Hoffman’ı doğrudan öldürmeye çalışmadılarsa da yargılamalar sırasında sağlık problemleriyle boğuşan kardeşimize hepatitli iğneyle bir şey zerk etmişler, adam kendini bilmeden kaç gün yatmış da incecik kalmış, devlet terörü basbayağı. Dünyanın en güçlü rakibine karşı kaba kuvvetten ziyade hayal gücünü kullanıyor Hoffman, arkadaşlarıyla birlikte yazdığı düzmece mektup misal. Che’nin ağzından yazılmış gibi bir şey, ABD’yi yerin dibine sokmakta mahir. Bolivya cangıllarında keşfedildiğini duyurup okutacaklarmış mektupları ama vazgeçmişler, ücret almadan yayımlamışlar sonra. Çok alakasız ama bu mektup dümeninden ekmek yiyen en meşhur adam herhalde dayısı Oscar Wilde’ın çakma mektuplarını hazırlayıp satan Arthur Cravan’dır, servet kazanmış adam.

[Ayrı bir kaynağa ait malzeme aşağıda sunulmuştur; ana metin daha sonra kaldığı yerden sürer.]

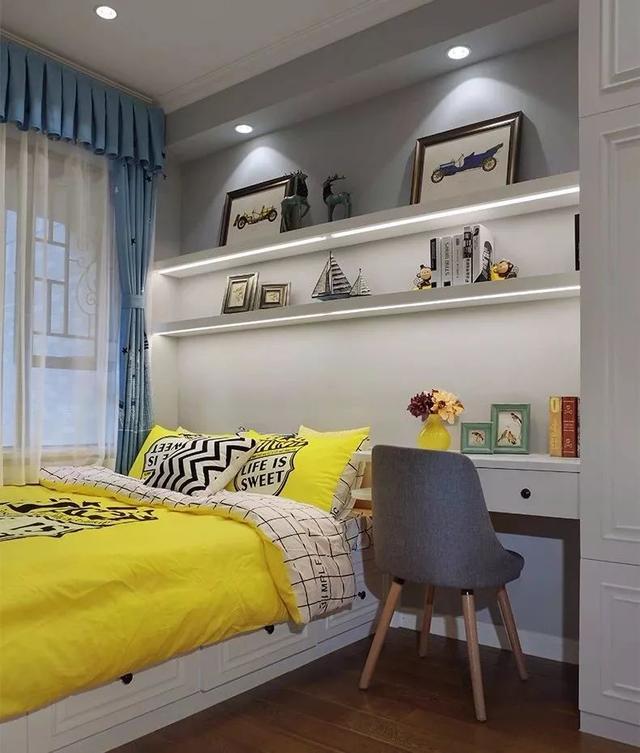 书房的设计以实用为主,做了一个榻榻米床来搭配书桌,床头背景墙上还有着隔板和灯光的结合设计,不管是装饰还是收纳都挺实用的。

Son iki mevzu, ilki müzik. İnsanlar Hoffman’a niye öyle yaşadığını soruyorlarmış, Hoffman tatmin edici cevaplar vermiyor tabii, ona göre tatmin edici cevap kıçta torpil patlatmak olabilirdi. Devrimi bekliyor adam, yapacak başka bir şeyi yok. 1950’lerden beri bekliyor, okuldan atıldıktan sonra arkadaşlarıyla birlikte anarşik işlere girdikleri zaman piyasada mıy mıy müzik yapan gruplar varmış, kültürel kanaldan pek destek gelmiyormuş ama Elvis çıkmış ortaya, kasıp kavurmuş. Başlarda Elvis’e karşı büyük bir dalga yükseliyor tabii, Amerikalılar çocuklarının ahlakını bozabilecek bu deli adamı görmek, dinlemek istemiyorlar ama karşı koyamıyorlar, en sonunda televizyona çıkarmak zorunda kalıyorlar adamı. Ed Sullivan’da şarkısını söyleyen Elvis’in belden aşağısını çekmemişler, Hoffman saydırıyor bir güzel. İlginçtir, sonraları Vietnam konusunda pek bir şey söylemeyen Elvis iktidarla yakınlaştığı için sağlam eleştirilecek, Hoffman’ın bahsettiği “satılık devrim” böyle bir şey. Hippilerle muhabbetler de başka bir şey, hemen hepsi babalarının dünyasında var olmayacaklarını anlayan gençler. Düzenli iş, düzenli yaşam ve düzenli ölüm bu çocuklara göre değil, bu yüzden Hoffman’a göre milyonlarcası yollara düşüyor ve yollarda ölüyor, yine de diledikleri gibi yaşıyorlar. Zorlu tipler hayatta kalıyor, hatta sivil bir polisin taşaklarına tekmeyi yapıştırıp tutuklanan Townshend en büyük çiçek olabilir, olmayabilir, gitarını kafasında kırmasına rağmen Townshend’i seviyor Hoffman, belli.
İlgilisi kaçırmasın, yeni baskısı yapılmaz muhtemelen.